━━━ Data records ━━━
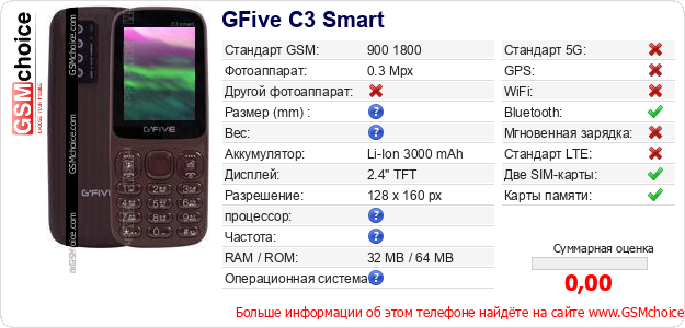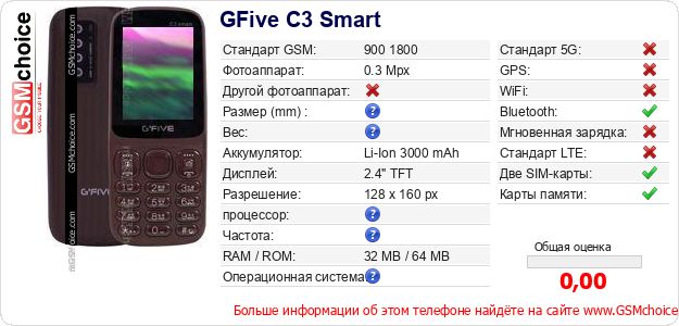 Данные о телефоне GFive C3 Smart на Вашем сайте
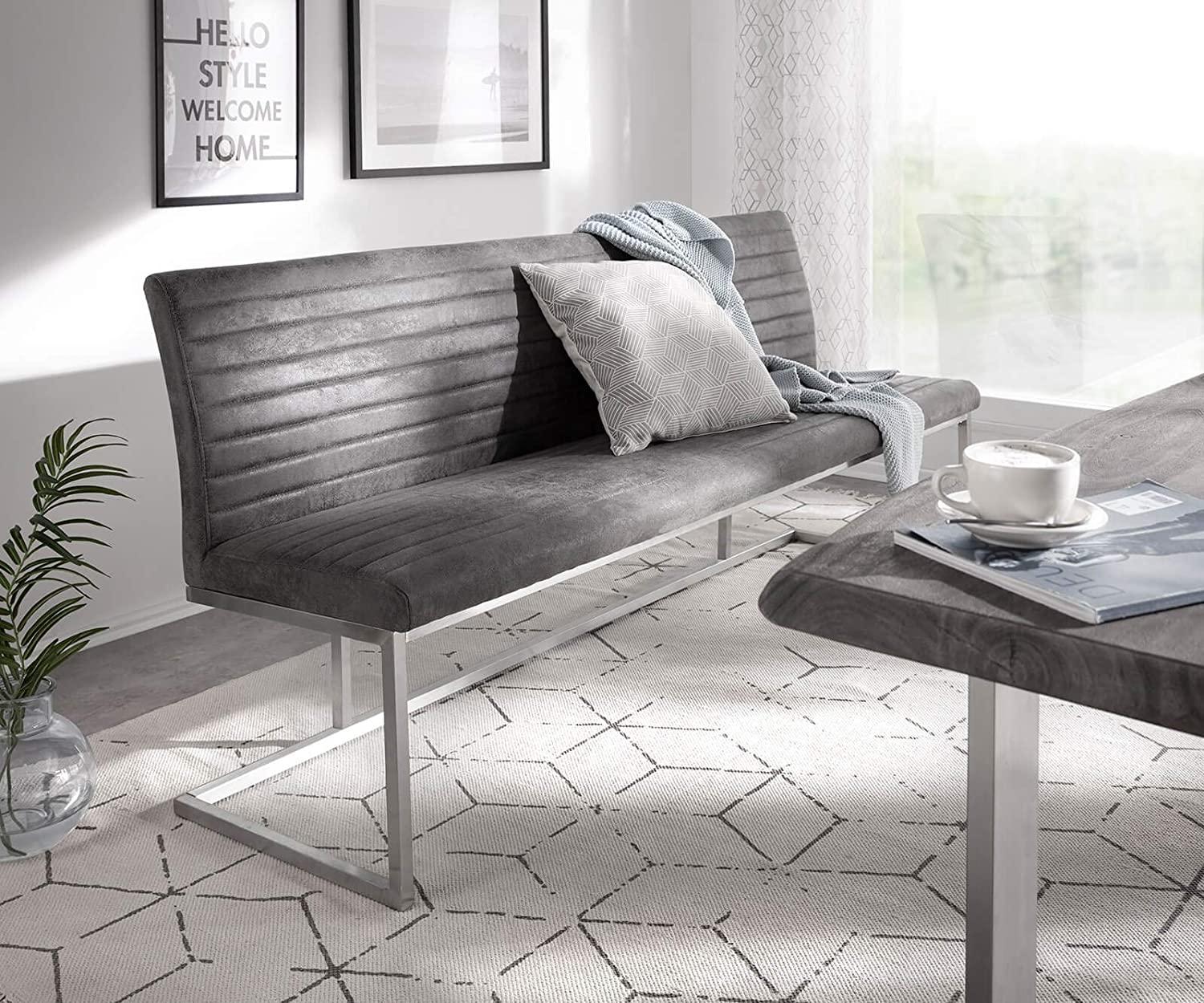 Die elegante Sitzbank Earnest besticht durch ihr modernes Vintage-Design. Die Kombination aus gebürstetem Edelstahlgestell und grauem Mikrofaserbezug mit Quersteppung verleiht der Essbank einen ansprechenden Look. Mit einer Sitzfläche von 200 cm bietet sie genügend Platz und Komfort. **Highlights** - Modernes Vintage-Design - Quersteppung für ein ansprechendes Aussehen - Kombination aus Edelstahl und Mikrofaser - Großzügige Sitzfläche von 200 cm - Hohe Belastbarkeit von 450 kg **Produkteigenschaften** - Maße: B202 x T65 x H90 cm - Sitzhöhe: 50 cm - Sitztiefe: 45 cm - Material: Mikrofaser (100% Polyester) in Vintage Optik, Edelstahlgestell - Polsterung: Schaumpolsterung - Farbe: Grau (Bezug), Silber (Gestell) - Oberfläche: Vintage Optik - Teilmontage erforderlich - Gewicht: 24 kg
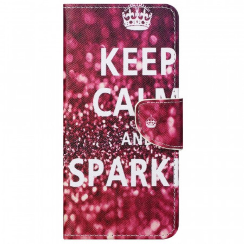 Följet Keep Calm Och Sparkle I Plånboksstil Skyddar Google Pixel 6A Samtidigt Som Den Fungerar Som Tillbehör.
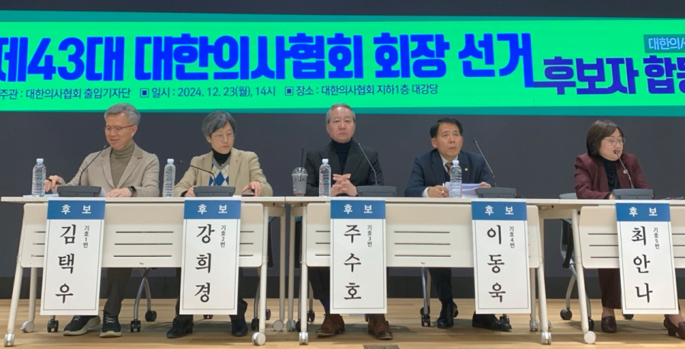 이에 현재 진행되고 있는 제43대 대한의사협회 회장 보궐선거에는 김택우(기호 1번, 전국광역시도의사회장협의회 회장), 강희경(기호 2번, 서울의대 소아청소년과 교수), 주수호(기호 3번, 미래의료포럼 대표), 이동욱(기호 4번, 경기도의사회장), 최안나(기호 5번, 대한의사협회 기획이사 겸 대변인) 후보가 출마해 각자의 공약과 비전을 제시하며 회원들의 선택을 기다리고 있다.
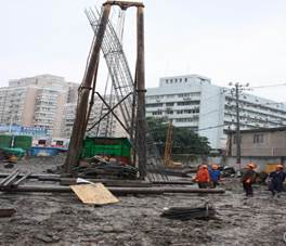 我国城市地铁系统建设发展至今,将近50年的历史,最初只有北京地铁40多公里的运营线路,自20世纪90年代以来,又有上海、广州等城市建成了现代化的新型地铁项目,截至2013年底,我国累计有19个城市建成投运城轨线路87条,运营里程2539公里。在2539公里运营里程中,地铁2074公里,占总里程的81.7%;轻轨192公里,占总里程的7.6%;单轨75公里,占总里程的3.0%;现代有轨电车100公里,占总里程的3.9%;磁浮交通30公里,占总里程的1.2%;市域快轨67公里,占总里程的2.6%。各种轨道交通方式中,地铁造价最高,有轨电车每公里造价2000万元左右,轻轨每公里造价2亿元,地铁每公里造价5亿元甚至更多。据了解,地铁建设总投资的10%~20%的资金都会用于工程设备购买。盾构机是修建地铁所需的主要设备,每台直径11米以上的盾构机价格大概为1亿元左右,而使用寿命一般仅为10公里。大量地下隧道的开挖,需要采用现代先进施工技术的盾构掘进法来完成。然而,当前盾构技术的掘进适用范围,仅局限于地铁站区间隧道的工况条件,当遇到地铁车站同步施工时,盾构将被地铁站周围的钢筋混凝土护壁围护结构所阻挡而无法通过,只能频繁进出竖井,待重新进入区间再行掘进施工。这样不仅增加了工人的劳动强度和降低了工作效率,也带来了施工的危险性,同时也增加了隧道开挖的周期。
━━━
- Problem requirements:
Word for word, repeat each record above; leave out every picture.

- Completed exercise:
 Данные о телефоне GFive C3 Smart на Вашем сайте
 Die elegante Sitzbank Earnest besticht durch ihr modernes Vintage-Design. Die Kombination aus gebürstetem Edelstahlgestell und grauem Mikrofaserbezug mit Quersteppung verleiht der Essbank einen ansprechenden Look. Mit einer Sitzfläche von 200 cm bietet sie genügend Platz und Komfort. **Highlights** - Modernes Vintage-Design - Quersteppung für ein ansprechendes Aussehen - Kombination aus Edelstahl und Mikrofaser - Großzügige Sitzfläche von 200 cm - Hohe Belastbarkeit von 450 kg **Produkteigenschaften** - Maße: B202 x T65 x H90 cm - Sitzhöhe: 50 cm - Sitztiefe: 45 cm - Material: Mikrofaser (100% Polyester) in Vintage Optik, Edelstahlgestell - Polsterung: Schaumpolsterung - Farbe: Grau (Bezug), Silber (Gestell) - Oberfläche: Vintage Optik - Teilmontage erforderlich - Gewicht: 24 kg
 Följet Keep Calm Och Sparkle I Plånboksstil Skyddar Google Pixel 6A Samtidigt Som Den Fungerar Som Tillbehör.
 이에 현재 진행되고 있는 제43대 대한의사협회 회장 보궐선거에는 김택우(기호 1번, 전국광역시도의사회장협의회 회장), 강희경(기호 2번, 서울의대 소아청소년과 교수), 주수호(기호 3번, 미래의료포럼 대표), 이동욱(기호 4번, 경기도의사회장), 최안나(기호 5번, 대한의사협회 기획이사 겸 대변인) 후보가 출마해 각자의 공약과 비전을 제시하며 회원들의 선택을 기다리고 있다.
 我国城市地铁系统建设发展至今,将近50年的历史,最初只有北京地铁40多公里的运营线路,自20世纪90年代以来,又有上海、广州等城市建成了现代化的新型地铁项目,截至2013年底,我国累计有19个城市建成投运城轨线路87条,运营里程2539公里。在2539公里运营里程中,地铁2074公里,占总里程的81.7%;轻轨192公里,占总里程的7.6%;单轨75公里,占总里程的3.0%;现代有轨电车100公里,占总里程的3.9%;磁浮交通30公里,占总里程的1.2%;市域快轨67公里,占总里程的2.6%。各种轨道交通方式中,地铁造价最高,有轨电车每公里造价2000万元左右,轻轨每公里造价2亿元,地铁每公里造价5亿元甚至更多。据了解,地铁建设总投资的10%~20%的资金都会用于工程设备购买。盾构机是修建地铁所需的主要设备,每台直径11米以上的盾构机价格大概为1亿元左右,而使用寿命一般仅为10公里。大量地下隧道的开挖,需要采用现代先进施工技术的盾构掘进法来完成。然而,当前盾构技术的掘进适用范围,仅局限于地铁站区间隧道的工况条件,当遇到地铁车站同步施工时,盾构将被地铁站周围的钢筋混凝土护壁围护结构所阻挡而无法通过,只能频繁进出竖井,待重新进入区间再行掘进施工。这样不仅增加了工人的劳动强度和降低了工作效率,也带来了施工的危险性,同时也增加了隧道开挖的周期。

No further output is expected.